Last updated: February 20, 2008 - 11:47pm
[SOURCE: San Jose Mercury News, AUTHOR: John Battelle]
[Commentary] While search is an extraordinary service, we're almost laughably early in its development -- and even earlier in understanding the many ways that search is changing our lives. Using the Web opens worlds of information to us, and in many ways makes it easier to make decisions, forge contacts and transact business. But as more and more information about us moves into the digital realm, we might want to ask whether there are downsides riding along with all those conveniences. Turn search inside out and you'll get a taste of some far-reaching implications. Search companies are increasingly capable of tracking our every move online, in effect monitoring our "clickstream.'' Because we are increasingly moving our digital lives from the constraints of the PC to the relatively boundless Web, we also are creating virtual profiles of ourselves. Hundreds of millions of us store our e-mail, photographs, social networks, contact databases and personal journals on the Web, and we are adding to that pile at an extraordinary rate. Put together the bread crumbs we leave as we navigate the Web with the mountain of personal information we've posted there, and add to that the e-mails we send and receive, and you have an enormous storehouse of data available to the search companies.

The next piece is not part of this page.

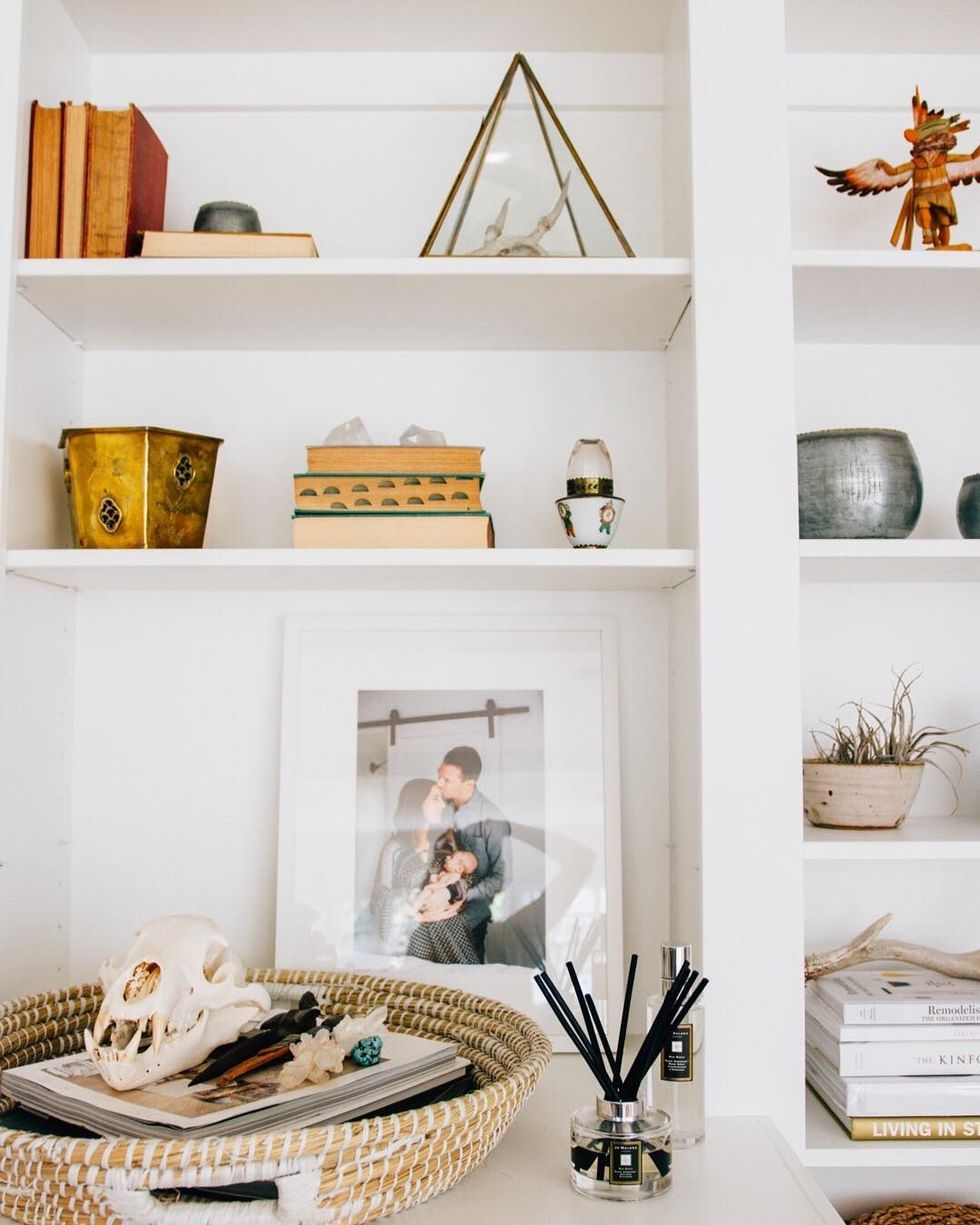 Lund collborated with her friend and interior designer Deborah Costa, of Sacramento-based Design Alchemy, to remodel her 1940s home in a style she describes as "modern eclectic." The open floor plan is dressed in neutral tones and feels minimalist but warm, speckled with carefully chosen pieces that hold special nostalgia, many of them collected from her travels, as well "some pretty great family heirloom pieces of furniture that bring such sweet stories to each room. I love a good conversation piece," she says.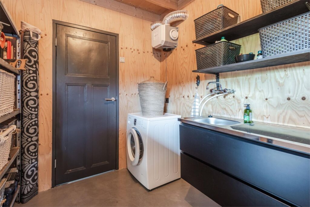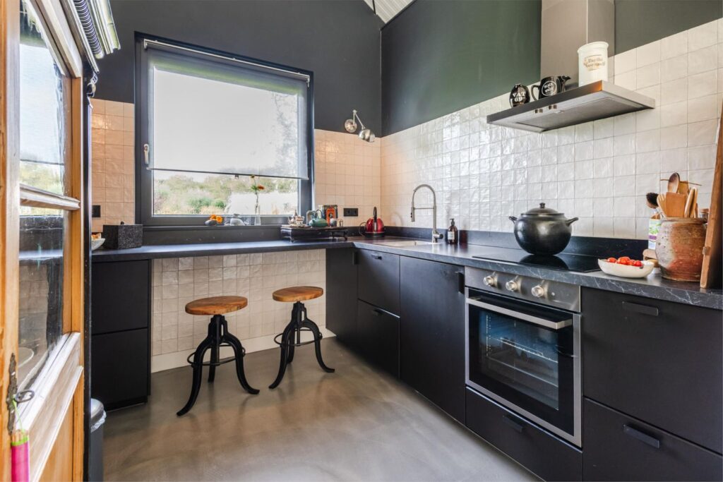De keuken is uitgerust met een inbouw koelkast, oven, inductiekookplaat en afzuigkap.

All this raises some rather interesting privacy questions, ones our society has yet to fully address. What protects our privacy is trust. We have decided that we can trust our government with the information we give it -- there are checks and balances in place, at least, and we know that the government can be held accountable in the end. At least we think that's the case. But what of our relationship with corporations? Like it or not, most of us are now in a relationship of trust with our Internet service provider, our search engine and our e-mail provider.